**GIVEN INFORMATION**
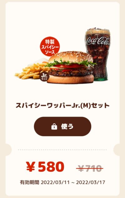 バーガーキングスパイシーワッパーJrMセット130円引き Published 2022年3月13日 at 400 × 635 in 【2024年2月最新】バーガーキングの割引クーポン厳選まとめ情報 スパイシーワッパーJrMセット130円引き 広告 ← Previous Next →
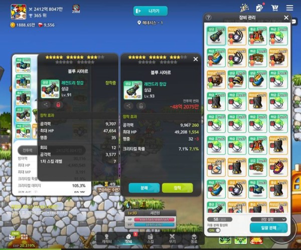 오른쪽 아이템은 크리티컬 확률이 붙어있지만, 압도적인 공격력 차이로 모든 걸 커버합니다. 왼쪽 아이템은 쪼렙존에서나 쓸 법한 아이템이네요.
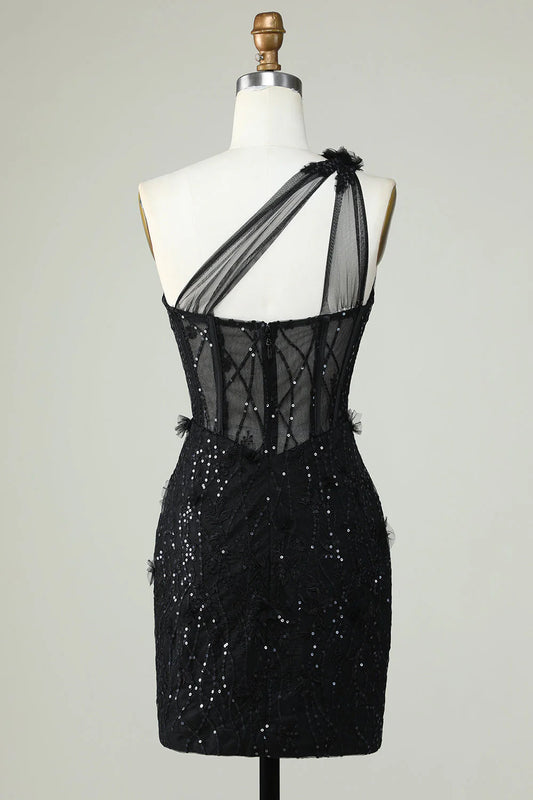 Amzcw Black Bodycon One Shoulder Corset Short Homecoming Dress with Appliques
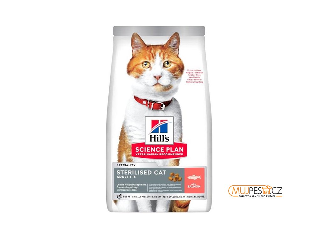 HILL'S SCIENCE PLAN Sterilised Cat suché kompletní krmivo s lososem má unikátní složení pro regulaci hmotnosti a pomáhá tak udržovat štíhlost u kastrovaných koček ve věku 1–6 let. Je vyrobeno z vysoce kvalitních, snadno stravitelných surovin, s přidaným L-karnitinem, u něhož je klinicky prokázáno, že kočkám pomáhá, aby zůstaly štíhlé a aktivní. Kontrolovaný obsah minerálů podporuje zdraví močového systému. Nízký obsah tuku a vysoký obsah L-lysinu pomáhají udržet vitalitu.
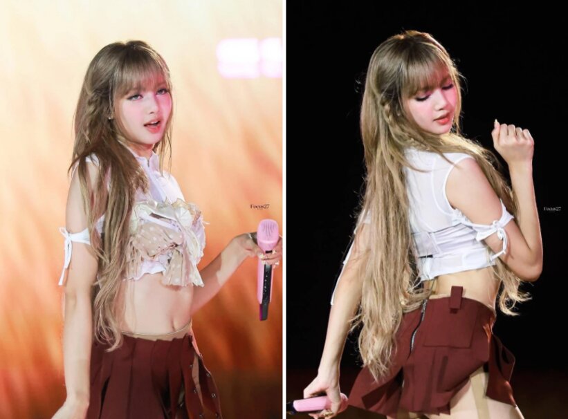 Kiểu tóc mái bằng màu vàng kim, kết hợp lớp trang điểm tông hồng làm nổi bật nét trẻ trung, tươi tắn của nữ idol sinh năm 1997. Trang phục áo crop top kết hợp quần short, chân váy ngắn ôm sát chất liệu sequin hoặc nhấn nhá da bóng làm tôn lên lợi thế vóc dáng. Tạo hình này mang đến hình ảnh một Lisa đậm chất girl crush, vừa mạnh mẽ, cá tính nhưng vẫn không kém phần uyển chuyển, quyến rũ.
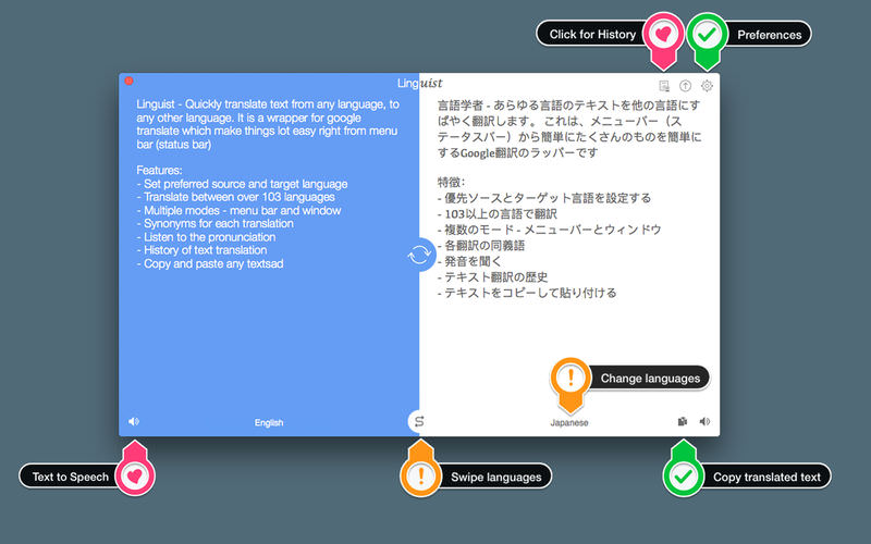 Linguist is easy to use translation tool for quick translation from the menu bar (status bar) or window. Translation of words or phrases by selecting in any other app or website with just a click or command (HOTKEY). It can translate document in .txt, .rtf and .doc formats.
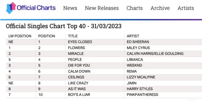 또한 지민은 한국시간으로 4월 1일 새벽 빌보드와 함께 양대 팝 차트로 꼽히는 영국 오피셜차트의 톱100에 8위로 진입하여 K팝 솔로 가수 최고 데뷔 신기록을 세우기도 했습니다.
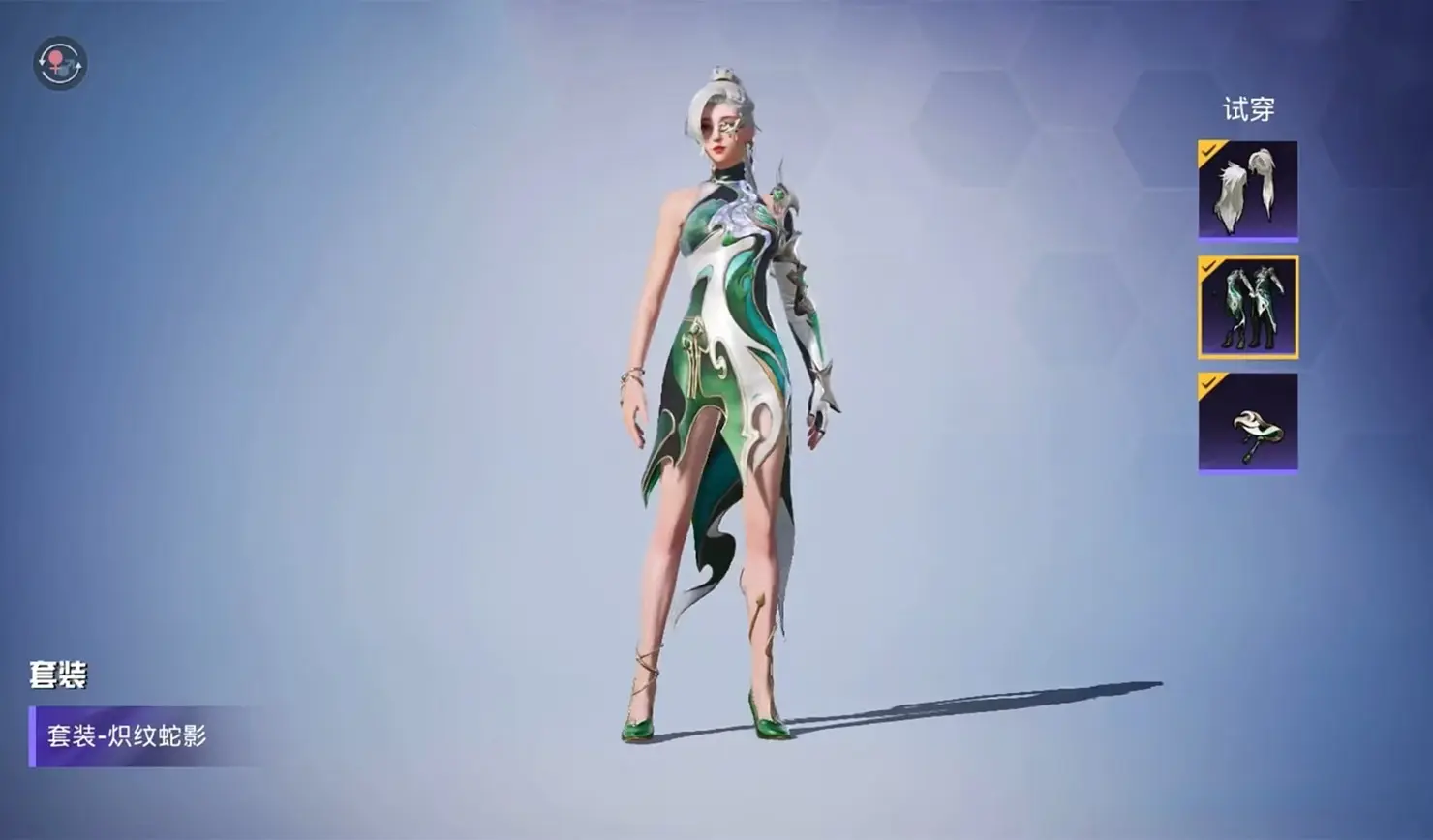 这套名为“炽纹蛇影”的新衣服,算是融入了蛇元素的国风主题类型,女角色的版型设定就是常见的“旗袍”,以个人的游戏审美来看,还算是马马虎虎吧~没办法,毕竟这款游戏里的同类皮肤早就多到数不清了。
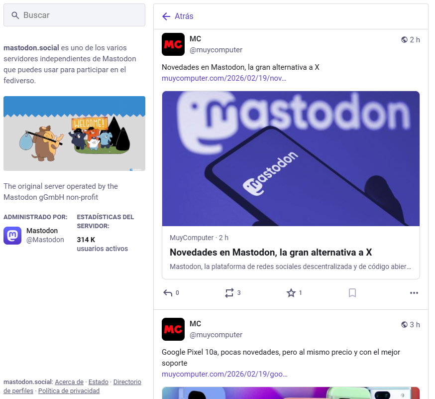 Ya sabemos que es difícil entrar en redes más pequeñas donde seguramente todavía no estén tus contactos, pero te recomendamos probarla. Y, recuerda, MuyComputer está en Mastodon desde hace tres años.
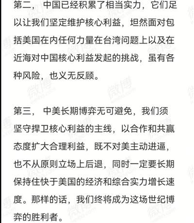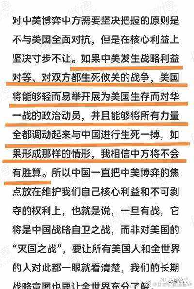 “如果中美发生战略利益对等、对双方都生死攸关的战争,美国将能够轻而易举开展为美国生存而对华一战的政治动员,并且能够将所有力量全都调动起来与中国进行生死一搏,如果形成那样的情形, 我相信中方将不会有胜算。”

**TASK DETAILS**
Print the whole listing exactly. No pictures belong in the copy.

**TASK RESPONSE**
 バーガーキングスパイシーワッパーJrMセット130円引き Published 2022年3月13日 at 400 × 635 in 【2024年2月最新】バーガーキングの割引クーポン厳選まとめ情報 スパイシーワッパーJrMセット130円引き 広告 ← Previous Next →
 오른쪽 아이템은 크리티컬 확률이 붙어있지만, 압도적인 공격력 차이로 모든 걸 커버합니다. 왼쪽 아이템은 쪼렙존에서나 쓸 법한 아이템이네요.
 Amzcw Black Bodycon One Shoulder Corset Short Homecoming Dress with Appliques
 HILL'S SCIENCE PLAN Sterilised Cat suché kompletní krmivo s lososem má unikátní složení pro regulaci hmotnosti a pomáhá tak udržovat štíhlost u kastrovaných koček ve věku 1–6 let. Je vyrobeno z vysoce kvalitních, snadno stravitelných surovin, s přidaným L-karnitinem, u něhož je klinicky prokázáno, že kočkám pomáhá, aby zůstaly štíhlé a aktivní. Kontrolovaný obsah minerálů podporuje zdraví močového systému. Nízký obsah tuku a vysoký obsah L-lysinu pomáhají udržet vitalitu.
 Kiểu tóc mái bằng màu vàng kim, kết hợp lớp trang điểm tông hồng làm nổi bật nét trẻ trung, tươi tắn của nữ idol sinh năm 1997. Trang phục áo crop top kết hợp quần short, chân váy ngắn ôm sát chất liệu sequin hoặc nhấn nhá da bóng làm tôn lên lợi thế vóc dáng. Tạo hình này mang đến hình ảnh một Lisa đậm chất girl crush, vừa mạnh mẽ, cá tính nhưng vẫn không kém phần uyển chuyển, quyến rũ.
 Linguist is easy to use translation tool for quick translation from the menu bar (status bar) or window. Translation of words or phrases by selecting in any other app or website with just a click or command (HOTKEY). It can translate document in .txt, .rtf and .doc formats.
 또한 지민은 한국시간으로 4월 1일 새벽 빌보드와 함께 양대 팝 차트로 꼽히는 영국 오피셜차트의 톱100에 8위로 진입하여 K팝 솔로 가수 최고 데뷔 신기록을 세우기도 했습니다.
 这套名为“炽纹蛇影”的新衣服,算是融入了蛇元素的国风主题类型,女角色的版型设定就是常见的“旗袍”,以个人的游戏审美来看,还算是马马虎虎吧~没办法,毕竟这款游戏里的同类皮肤早就多到数不清了。
 Ya sabemos que es difícil entrar en redes más pequeñas donde seguramente todavía no estén tus contactos, pero te recomendamos probarla. Y, recuerda, MuyComputer está en Mastodon desde hace tres años.
 “如果中美发生战略利益对等、对双方都生死攸关的战争,美国将能够轻而易举开展为美国生存而对华一战的政治动员,并且能够将所有力量全都调动起来与中国进行生死一搏,如果形成那样的情形, 我相信中方将不会有胜算。”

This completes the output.